While executing the three proposed tasks, the participants’ physiological signals were monitored using two biosignalsplux devices from PLUX Wireless Biosignals, Lisbon, Portugal, with a sampling frequency of 100 Hz and a resolution of 16 bits. Six different sensors were used: EEG and fNIRS positioned around the F7 and F8 of the 10–20 system [29]; ECG monitored Lead I of the Einthoven system, EDA placed on the palm of the non-dominant hand, and the RIP was attached on the upper-abdominal area to measure the respiration rate—the combination of the three allows to infer about the response of the Autonomic Nervous System (ANS) of the human body, namely, the response of the sympathetic and parasympathetic nervous system [30]; ACC on the right side of the head to measure head movement and overall posture changes. All data was recorded using OpenSignals, developed by PLUX Wireless Biosignals, and stored in TXT and HDF5 formats.

Specific to the fNIRS monitoring, the focus of this work, it is important to justify its positioning. Among other brain areas, the dorsolateral prefrontal cortex is involved in the prediction of effort and, thus, the regulation of cognitive fatigue [17]. Thus, we employed the 2-channel fNIRS around the F7 and F8 positions of the standard 10–20 system of the EEG.

Behavioural features, namely, Human–Computer Interaction (HCI) features were continuously extracted using Latent, a Chrome extension to track these features in the context of web-based navigation [31]. Mouse tracking, keyboard strokes, audio, snapshots, and screenshots were recorded and stored in a MongoDB for future analysis.

3.2. Sample Description

A data sample of 10 volunteer participants (4 females) aged between 22 and 48 years old (M = 28.2, SD = 7.6) took part in this study. All volunteers were recruited at NOVA School of Science and Technology, fluent in English, right-handed, none reported suffering from psychological disorders, and none reported taking regular medication. Written informed consent was obtained before participating and all Ethical Procedures approved by the Ethics Committee of NOVA University of Lisbon were thoroughly followed.

3.3. Data Acquisition Procedure

The experimental protocol is divided into three tasks: a digital lesson, three repetitions of the Corsi-Block task, and two repetitions of a concentration task.

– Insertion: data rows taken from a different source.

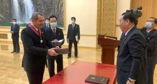 بيونغ يانغ-سانا أقامت هيئة رئاسة مجلس الشعب الأعلى في جمهورية كوريا الديمقراطية حفلاً وداعياً للسفير تمام سليمان بمناسبة انتهاء مهامه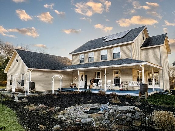 Welcome to your private retreat on 3.5 serene acres, just minutes from Route 80! This beautifully maintained 4-bedroom, 2.5-bath Colonial offers the perfect blend of modern upgrades and classic charm. An inviting front porch leads into a bright and open floor plan featuring spacious living areas, a wood-burning fireplace, and wide-plank flooring throughout. The heart of the home is the upgraded kitchen, showcasing stone countertops, white cabinetry, a center island, and a seamless flow into the dining area- ideal for entertaining or gatherings. Upstairs, you'll find four generous bedrooms including a tranquil primary suite with an ensuite bath. Each room is filled with natural light and offers peaceful views of the surrounding property. The home's thoughtful updates include energy-efficient solar panels, new flooring, and fresh neutral finishes that complement any style. Step outside and experience your own backyard paradise. Complete with a custom deck, hot tub, whole house generator, and a saltwater inground pool surrounded by beautiful open space and privacy. Whether hosting summer barbecues or enjoying quiet mornings on the porch, this property offers year-round comfort and relaxation. With a convenient location just minutes from Route 80, this home combines country living with easy access to shopping, dining, and commuting routes. Don't miss this incredible opportunity to own a move-in-ready home that truly has it all. Space, style, and seclusion!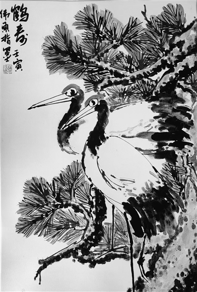 当年的习作除了花草鱼虫及山水松石的写生,还常剪取报刊上钟爱的画作临摹。赵伟东至今记忆犹新的,是祝贺祖母古稀大寿时他临摹了一幅著名画家吴作人的奔牛图,老人家接过图是左看右看,爱不释手,满脸是掩饰不住的笑容。这幅画在贺寿日当天被挂在显眼的客人们能瞧见的堂屋里,以后就一直挂在祖母自己的卧室内。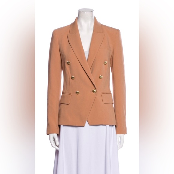 Elevate your style with this chic double-breasted tan blazer. Perfect for any occasion, this jacket offers a sophisticated look with its classic design and gold button accents.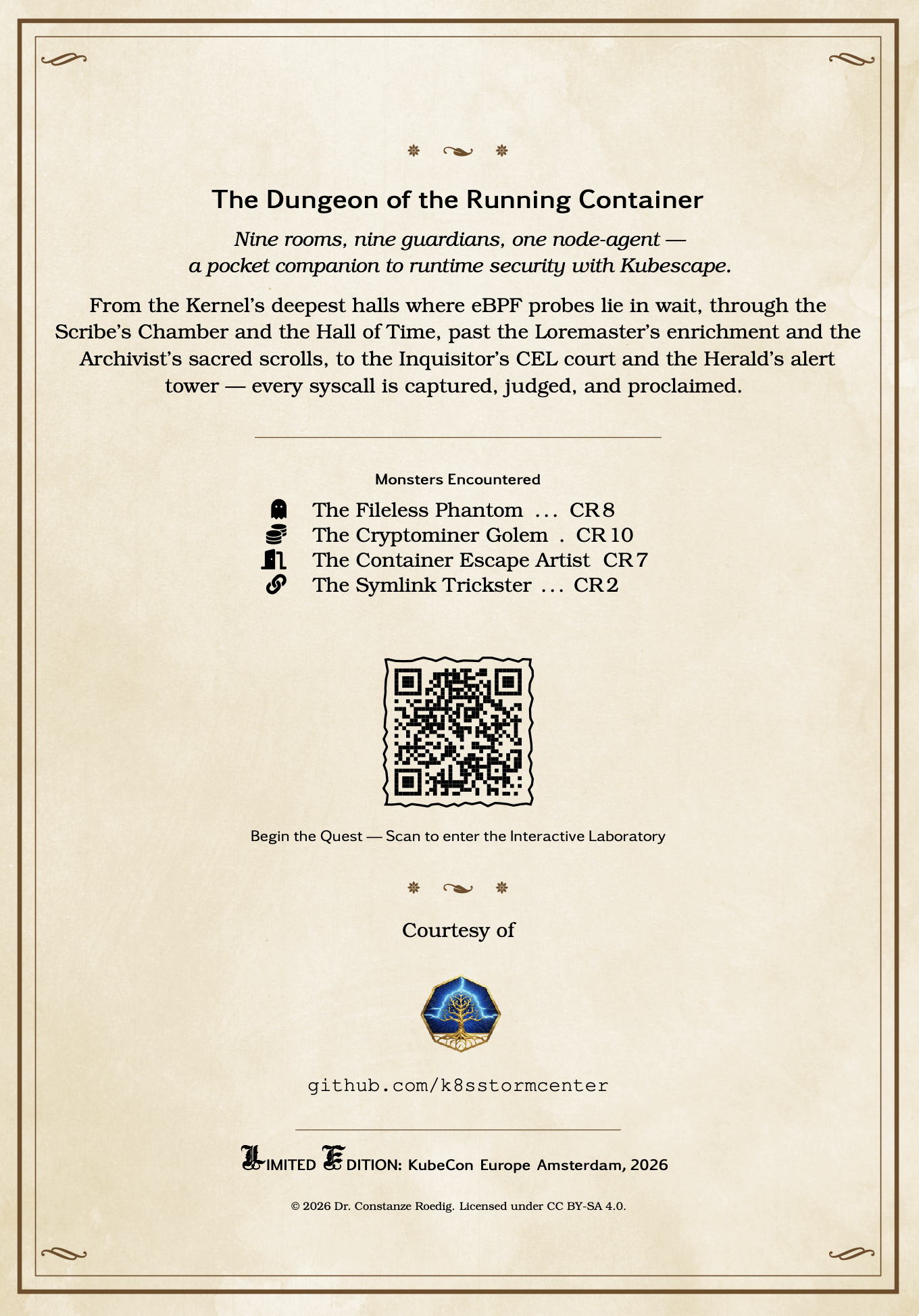 You stand at the threshold of an ancient fortress buried beneath every running container. A single event ---

The lesson was about the electrocardiogram (ECG) and was developed in Jupyter Notebook format mainly using HTML, JavaScript, and CSS programming languages. During the task, the participants were required to read theoretical content related to the origins, abnormalities, and overall uses of the ECG signal and, in the end, make a self-evaluation by answering 40 questions about the content they had read. To monitor their reading pattern, all text and images were blurred initially and would only unblur when the mouse would hover over the paragraph/image they were reading/seeing, allowing us to properly track their progress.

The Corsi-Block task consists of a board containing nine blocks, as illustrated in Figure 1. Firstly, two of those blocks would flash in a specific order and the participants were asked to memorise the order and then click on the same blocks in the same order. If they were successful in recalling the sequence, the level would increase, meaning that three blocks would flash in a different order. This would repeat until the participants reached level nine (because there were only nine blocks) or if they failed two consecutive tries.

Figure 1

Board of the Corsi-Block task used during the experimental procedure. The yellow blocks would flash in blue by a specific order that the participants would have to memorise and then recall to click the blocks in the same order. The position of the blocks was adapted from [32].

The concentration task consisted of a board of 20 by 40 numbers generated in a pseudo-random fashion. The initial board was generated and, then, a number would be changed with a probability of 20% in order for the sum with the next number to be 10. The participants would be required to go over the board line by line and click on the pairs of consecutive numbers that added to 10. The pairs were marked with blue when they were hovering them and marked in red whenever they were clicked. When they changed line, the previous line was blurred and blocked so that they could not go back. An example of a task is shown in Figure 2 in which the participant was completing the second line of the board (the first line was already blocked).

Figure 2

Board of the concentration task. A pair of numbers would turn blue with the mouse hover. If that pair summed to 10, the participant would have to click with the mouse. Whenever they clicked, their positions would be marked in red. Board adapted from [28].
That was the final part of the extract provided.